■ BRIEF
Of the lines below, write out exactly those from the line with "These models were" through the line with "素材から調理法までこだわり抜", both included, and skip the rest.

■ RECORD EXCERPTS
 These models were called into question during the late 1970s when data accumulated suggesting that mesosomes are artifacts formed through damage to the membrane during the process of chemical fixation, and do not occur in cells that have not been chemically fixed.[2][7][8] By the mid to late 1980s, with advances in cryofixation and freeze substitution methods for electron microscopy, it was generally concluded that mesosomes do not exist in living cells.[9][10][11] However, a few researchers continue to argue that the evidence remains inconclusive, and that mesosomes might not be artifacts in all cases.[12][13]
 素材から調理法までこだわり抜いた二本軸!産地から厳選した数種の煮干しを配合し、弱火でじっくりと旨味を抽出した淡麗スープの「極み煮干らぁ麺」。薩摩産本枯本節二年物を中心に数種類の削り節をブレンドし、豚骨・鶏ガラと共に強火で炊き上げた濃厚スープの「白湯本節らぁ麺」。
---
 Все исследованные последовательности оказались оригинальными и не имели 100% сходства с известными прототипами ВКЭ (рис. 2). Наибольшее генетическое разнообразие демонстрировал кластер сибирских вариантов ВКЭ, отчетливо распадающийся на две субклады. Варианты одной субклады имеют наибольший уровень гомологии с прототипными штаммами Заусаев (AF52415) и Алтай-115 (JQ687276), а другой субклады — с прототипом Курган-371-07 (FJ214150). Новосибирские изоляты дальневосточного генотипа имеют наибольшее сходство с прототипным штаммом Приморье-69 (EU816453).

■ TASK ANSWER
 These models were called into question during the late 1970s when data accumulated suggesting that mesosomes are artifacts formed through damage to the membrane during the process of chemical fixation, and do not occur in cells that have not been chemically fixed.[2][7][8] By the mid to late 1980s, with advances in cryofixation and freeze substitution methods for electron microscopy, it was generally concluded that mesosomes do not exist in living cells.[9][10][11] However, a few researchers continue to argue that the evidence remains inconclusive, and that mesosomes might not be artifacts in all cases.[12][13]
 素材から調理法までこだわり抜いた二本軸!産地から厳選した数種の煮干しを配合し、弱火でじっくりと旨味を抽出した淡麗スープの「極み煮干らぁ麺」。薩摩産本枯本節二年物を中心に数種類の削り節をブレンドし、豚骨・鶏ガラと共に強火で炊き上げた濃厚スープの「白湯本節らぁ麺」。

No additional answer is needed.